46. Не на такого напали
А никому. Стас всегда работал в перчатках. Недаром три пальца пожертвовал мафии. К ведьме даже не притронулся – жива, не жива. Пусть ее куманек черт разбирается. Послушал, как там на лестнице. Тихонько вышел. Из машины позвонил Надюшке на мобильник. Успела ответить: в милиции на Таганке. Через четверть часа уже их нашел. Ему ли не знать всех отделений милиции бойкой Таганки. И начал поверх Надюшкиных неразумных показаний гнуть свое.
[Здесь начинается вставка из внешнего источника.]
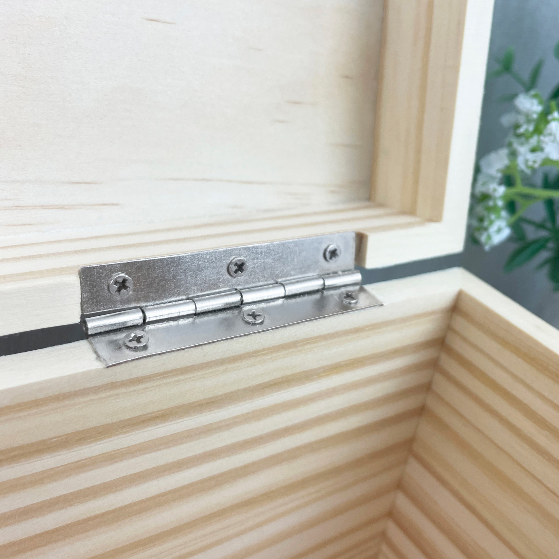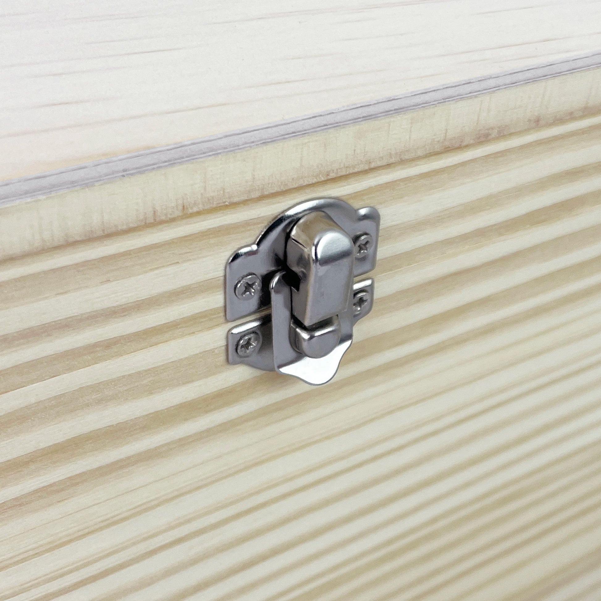 The box is natural pine wood and may have slight imperfections, it has chrome plated metal hinges and a metal clasp to seal the box ensuring its contents are safe for years to come. Box clasp style may vary depending on box size, but will be a silver coloured clasp fastener.

Для начала показал какое-то удостоверенье, их у него до фига. Так что его от разговора не отстранили. Из Кириллова кармана тоже красную корочку достал – фокусник! И получилось: мы хорошие, они плохие. А «плохая» Евгения всё лежала подле упавшей табуретки, и черт пока что ей на помощь не спешил.
Я (к Стасу): Стас! ну чего ты с ней, с Надюхой, возишься? делать тебе нечего? тут греха не оберешься. Ну вот, могли тебе пришить мокрое дело. Застал бы тебя ее сынок возле трупа, с отмычкой в руках, руки в перчатках. Какого тебе рожна от Нади надо? баб навалом.
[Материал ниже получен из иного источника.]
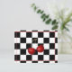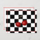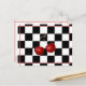 Red cherries and ric-rac against black and white checks. See the matching postage stamps, too!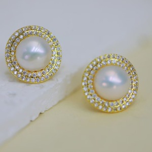 ジルコン大粒パールスタッドピアス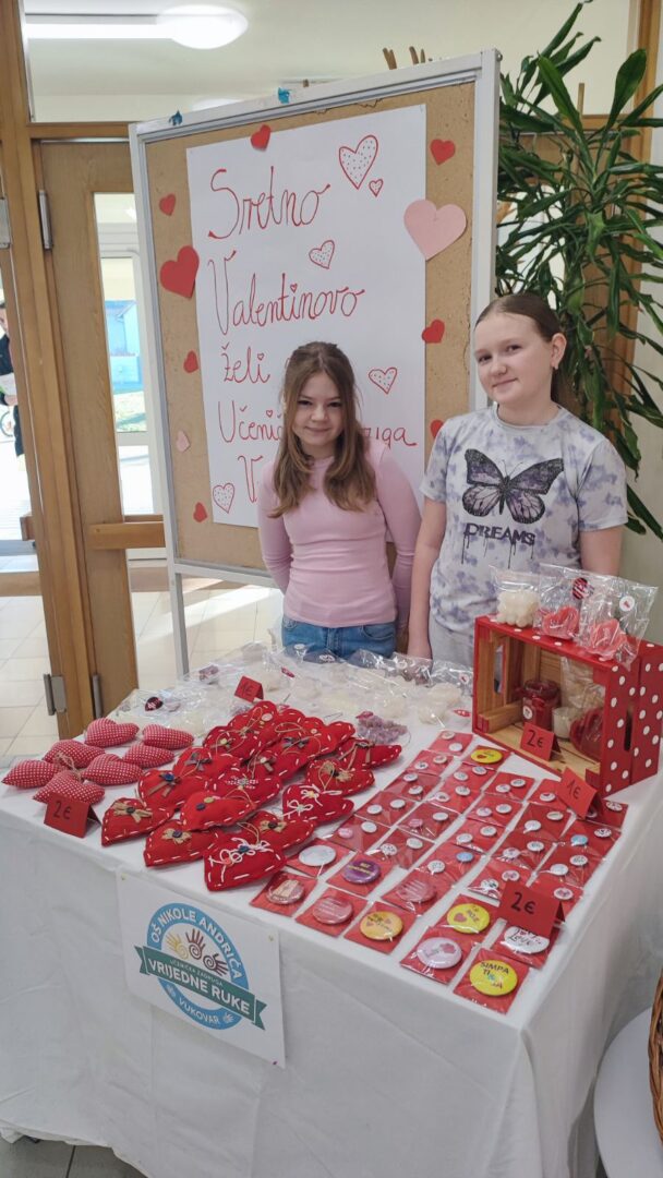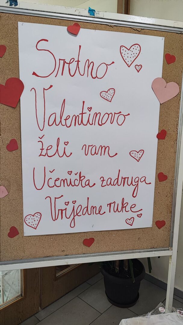 Jučer smo u holu škole održali prodajnu izložbu naše učeničke zadruge. Povodom Valentinova, dana zaljubljenih, na našem se štandu našlo mnoštvo lijepih i kreativnih poklončića izrađenih s puno truda, mašte i ljubavi.

СТАС: Иди на. Я в своей непростой жизни черное от белого отличить смогу. Она, конечно, юродивая, но Бог таких любит. А с Ним я не спорщик. Даром что фарцую иконами – и подлинными, и поддельными.
47. Живучая нечисть
Максим пришел. через полчаса. Мать сидит болтает по телефону. На шее багровый шрам, на виске другой. И на портрете точно то же. Тот еще портретик. На всё реагирует. Максиму бы заметить все четыре шрама, но мать ему глаза отвела. Ведьмовство, оно по женской линии передается. Сын был просто плут, без мистических добавок. На полу убрано – ни крови, ни осколков. Зеркало срослось! зеркало вещь вещая. Срослось – стал быть, и беду избыли. Каким-никаким колдовством, а избыли. Ой, не вставайте на пути этой новой Евгении! теперь она от общечеловеческого стада вовсе отбилась. И раньше была не овечка, а нынче ее никто не упасет. Побывала там – не приняли. Уж как там ни устроено, а только не для нее. Блаженствуют ли, маются ли души – так ведь то души. Надо как минимум иметь душу. А тут полное отсутствие всякого присутствия.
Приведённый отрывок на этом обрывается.